THE RECORDS:

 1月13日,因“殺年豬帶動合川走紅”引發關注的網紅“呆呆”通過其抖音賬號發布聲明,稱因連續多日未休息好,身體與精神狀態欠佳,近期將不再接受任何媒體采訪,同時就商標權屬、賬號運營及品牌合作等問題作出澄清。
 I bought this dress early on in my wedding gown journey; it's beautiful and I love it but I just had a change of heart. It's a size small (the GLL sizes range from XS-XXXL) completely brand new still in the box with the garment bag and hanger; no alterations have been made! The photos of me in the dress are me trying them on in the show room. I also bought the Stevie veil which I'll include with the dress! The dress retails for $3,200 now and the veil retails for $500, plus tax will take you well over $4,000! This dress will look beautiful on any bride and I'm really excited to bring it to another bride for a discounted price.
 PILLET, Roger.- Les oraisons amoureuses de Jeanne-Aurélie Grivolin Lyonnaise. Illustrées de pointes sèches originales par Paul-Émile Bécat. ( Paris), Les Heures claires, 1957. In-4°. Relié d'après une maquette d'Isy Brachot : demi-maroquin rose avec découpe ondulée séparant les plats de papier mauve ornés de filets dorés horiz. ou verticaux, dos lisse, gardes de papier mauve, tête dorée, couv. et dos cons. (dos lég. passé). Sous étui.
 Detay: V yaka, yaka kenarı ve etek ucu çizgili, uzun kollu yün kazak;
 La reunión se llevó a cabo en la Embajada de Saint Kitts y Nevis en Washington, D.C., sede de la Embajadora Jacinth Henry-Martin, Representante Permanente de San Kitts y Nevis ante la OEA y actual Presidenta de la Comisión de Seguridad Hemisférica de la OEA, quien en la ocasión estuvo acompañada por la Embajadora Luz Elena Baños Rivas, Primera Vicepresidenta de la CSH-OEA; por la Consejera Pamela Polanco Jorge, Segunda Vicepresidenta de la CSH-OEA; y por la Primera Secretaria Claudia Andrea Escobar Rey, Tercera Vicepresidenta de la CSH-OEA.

WORK REQUIRED: Set down the listing above exactly, line for line.

RESULT FOR THIS TASK:
 1月13日,因“殺年豬帶動合川走紅”引發關注的網紅“呆呆”通過其抖音賬號發布聲明,稱因連續多日未休息好,身體與精神狀態欠佳,近期將不再接受任何媒體采訪,同時就商標權屬、賬號運營及品牌合作等問題作出澄清。
 I bought this dress early on in my wedding gown journey; it's beautiful and I love it but I just had a change of heart. It's a size small (the GLL sizes range from XS-XXXL) completely brand new still in the box with the garment bag and hanger; no alterations have been made! The photos of me in the dress are me trying them on in the show room. I also bought the Stevie veil which I'll include with the dress! The dress retails for $3,200 now and the veil retails for $500, plus tax will take you well over $4,000! This dress will look beautiful on any bride and I'm really excited to bring it to another bride for a discounted price.
 PILLET, Roger.- Les oraisons amoureuses de Jeanne-Aurélie Grivolin Lyonnaise. Illustrées de pointes sèches originales par Paul-Émile Bécat. ( Paris), Les Heures claires, 1957. In-4°. Relié d'après une maquette d'Isy Brachot : demi-maroquin rose avec découpe ondulée séparant les plats de papier mauve ornés de filets dorés horiz. ou verticaux, dos lisse, gardes de papier mauve, tête dorée, couv. et dos cons. (dos lég. passé). Sous étui.
 Detay: V yaka, yaka kenarı ve etek ucu çizgili, uzun kollu yün kazak;
 La reunión se llevó a cabo en la Embajada de Saint Kitts y Nevis en Washington, D.C., sede de la Embajadora Jacinth Henry-Martin, Representante Permanente de San Kitts y Nevis ante la OEA y actual Presidenta de la Comisión de Seguridad Hemisférica de la OEA, quien en la ocasión estuvo acompañada por la Embajadora Luz Elena Baños Rivas, Primera Vicepresidenta de la CSH-OEA; por la Consejera Pamela Polanco Jorge, Segunda Vicepresidenta de la CSH-OEA; y por la Primera Secretaria Claudia Andrea Escobar Rey, Tercera Vicepresidenta de la CSH-OEA.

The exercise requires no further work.